If you’re running Hotshot-XL yourself, you are going to be able to have a lot more flexibility/control with the model. As a very simple example, you’ll be able to change the sampler. We’ve seen best results with Euler-A so far, but you may find interesting results with some other ones.
pip install virtualenv --upgrade
virtualenv -p $(which python3) venv
source venv/bin/activate
pip install -r requirements.txt
# Make sure you have git-lfs installed (https://git-lfs.com)
git lfs install
git clone https://huggingface.co/hotshotco/Hotshot-XL
or visit https://huggingface.co/hotshotco/Hotshot-XL
- Note: To maximize data and training efficiency, Hotshot-XL was trained at various aspect ratios around 512x512 resolution. For best results with the base Hotshot-XL model, we recommend using it with an SDXL model that has been fine-tuned with images around the 512x512 resolution. You can download an SDXL model we trained with images at 512x512 resolution below, or bring your own SDXL base model.
# Make sure you have git-lfs installed (https://git-lfs.com)
git lfs install
git clone https://huggingface.co/hotshotco/SDXL-512
or visit https://huggingface.co/hotshotco/SDXL-512
python inference.py \
--prompt="a bulldog in the captains chair of a spaceship, hd, high quality" \
--output="output.gif"
What to Expect:
Prompt | Sasquatch scuba diving | a camel smoking a cigarette | Ronald McDonald sitting at a vanity mirror putting on lipstick | drake licking his lips and staring through a window at a cupcake |
---|---|---|---|---|
Output |
python inference.py \
--prompt="a bulldog in the captains chair of a spaceship, hd, high quality" \
--output="output.gif" \
--spatial_unet_base="path/to/stabilityai/stable-diffusion-xl-base-1.0/unet" \
--lora="path/to/lora"
What to Expect:
Note: The outputs below use the DDIMScheduler.
Prompt | sks person screaming at a capri sun | sks person kissing kermit the frog | sks person wearing a tuxedo holding up a glass of champagne, fireworks in background, hd, high quality, 4K |
---|---|---|---|
Output |
python inference.py \
--prompt="a girl jumping up and down and pumping her fist, hd, high quality" \
--output="output.gif" \
--control_type="depth" \
--gif="https://media1.giphy.com/media/v1.Y2lkPTc5MGI3NjExbXNneXJicG1mOHJ2dzQ2Y2JteDY1ZWlrdjNjMjl3ZWxyeWFxY2EzdyZlcD12MV9pbnRlcm5hbF9naWZfYnlfaWQmY3Q9Zw/YOTAoXBgMCmFeQQzuZ/giphy.gif"
By default, Hotshot-XL will create key frames from your source gif using 8 equally spaced frames and crop the keyframes to the default aspect ratio. For finer grained control, learn how to vary aspect ratios and vary frame rates/lengths.

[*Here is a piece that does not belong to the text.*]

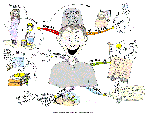 这个思维导图是一个叫 Richard Carlson(李察) 的人给我们留下的许多关于改变人生幸福书籍的思维导图,通过改变自己来减小压力。在他的书“比你想象的容易”中,其中一章叫做“寻找一种每天欢笑的方法”。 李察讲述了一天,他认真对待的每件事,似乎整个世界都对他很不利,他感到不知所措,疲倦和脾气暴躁。他的心态意味着一切都变得如此的糟糕且不成比例。 李察的妻子克里斯(你可以在推特@ KristineCarlson跟着她)有个完美的解决方案。当他们坐在停车场的车里时,她说:“李察,如果你能在镜子里看着自己整整一分钟,而不是笑出声来,我就给你五美元。” 这听起来似乎很简单,但五秒钟后,一张皱皱的脸变成了微笑,笑容又变成了笑声,笑声又变成了幸福的泪水。 李察建议我们要在笑声中看到价值,而不是把它视为无聊或忽视这个好时机。照镜子是一种方法,你可以想出许多其他创造性的方法去看轻不利的一面。 李察认为,这样的例子,就如和孩子们在一起的时光 ,阅读有趣的书或看最喜欢的喜剧节目。他说:“不管我多么认真地对待,笑都能使我的头脑清醒。” 这是本章节选: “笑的行为是一个强大的复位按钮,恢复了人的大局观。”。笑是我们的思维方式,它告诉我们一切都会好起来的。当我们笑的时候,我们的身体会释放出叫做内啡肽的分子,立刻使我们开始感觉好了一些。简单地说,笑是最容易也是最自然的方式,它使我们立即拥有好的感觉。 下一次你有一个坏心情的时候,试着用由 Richard Carlson 提出的“每天笑一笑”的方式释放您的笑声。 我在此推荐这本书 Richard Carlson 的“比你想象的要容易”,通过思维导图图解我的微笑——希望它也能让您微笑起来!
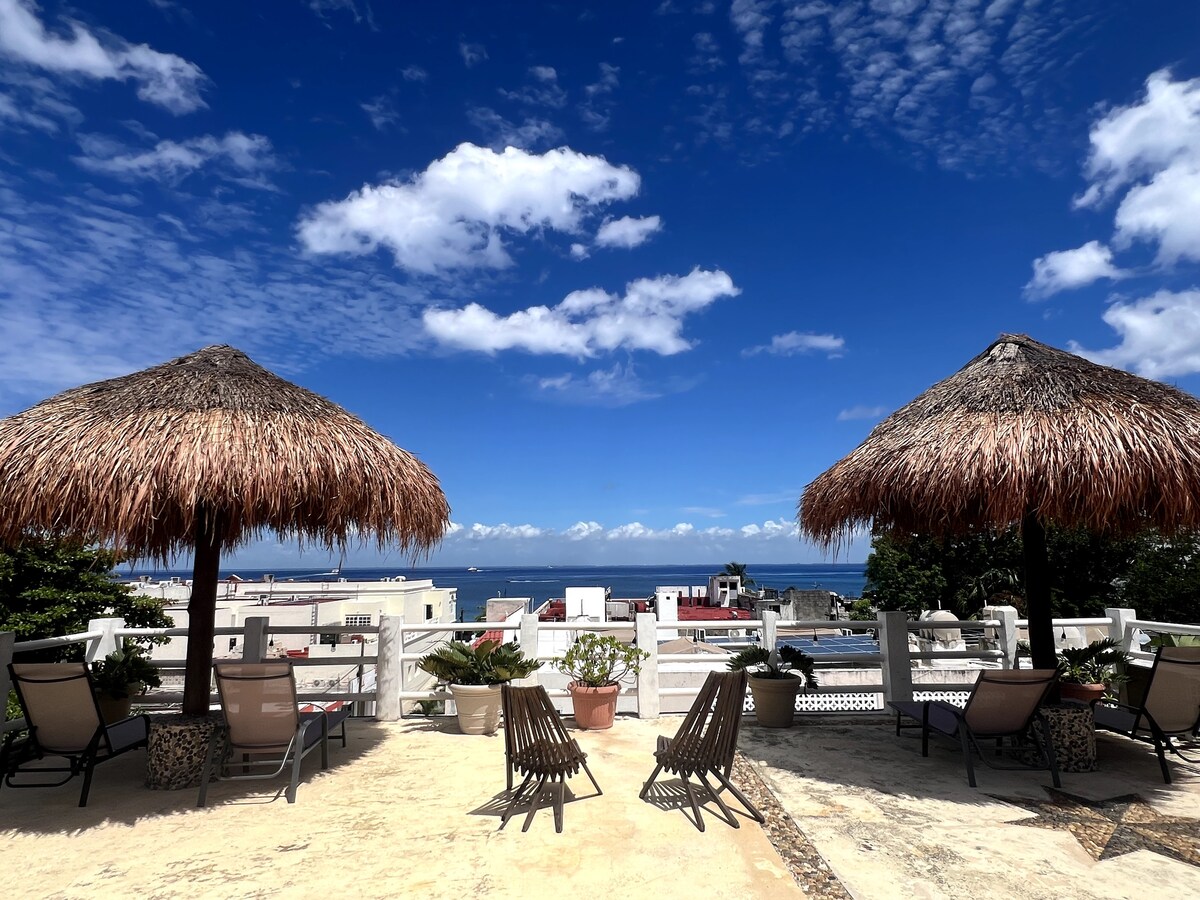 A unos pasos del mar, caminando 100 metros podrás ver cardúmenes de colores paseando por la costa.Esta habitación cuenta con vista parcial al mar desde el balcón. Puedes encontrar tiendas, restaurantes, bancos, farmacias y cualquier tipo de servicio a solo unos pasos. Estación del Ferry a tres calles. Espacio lleno de tranquilidad, podrás descansar y renovar energías. Contamos con alberca en nuestro patio y podemos acercarte a muchos servicios recreativos como de snorkeling y buceo.

Hotshot-XL currently supports the use of one ControlNet model at a time; supporting Multi-ControlNet would be exciting.
What to Expect:
- Note: The base SDXL model is trained to best create images around 1024x1024 resolution. To maximize data and training efficiency, Hotshot-XL was trained at aspect ratios around 512x512 resolution. Please see Additional Notes for a list of aspect ratios the base Hotshot-XL model was trained with.
Like SDXL, Hotshot-XL was trained at various aspect ratios with aspect ratio bucketing, and includes support for SDXL parameters like target-size and original-size. This means you can create GIFs at several different aspect ratios and resolutions, just with the base Hotshot-XL model.
python inference.py \
--prompt="a bulldog in the captains chair of a spaceship, hd, high quality" \
--output="output.gif" \
--width=<WIDTH> \
--height=<HEIGHT>
What to Expect:
512x512 | 672x384 | 384x672 | |
---|---|---|---|
a monkey playing guitar, nature footage, hd, high quality |
By default, Hotshot-XL is trained to generate GIFs that are 1 second long with 8FPS. If you'd like to play with generating GIFs with varying frame rates and time lengths, you can try out the parameters video_length
and video_duration
.
video_length
sets the number of frames. The default value is 8.
video_duration
sets the runtime of the output gif in milliseconds. The default value is 1000.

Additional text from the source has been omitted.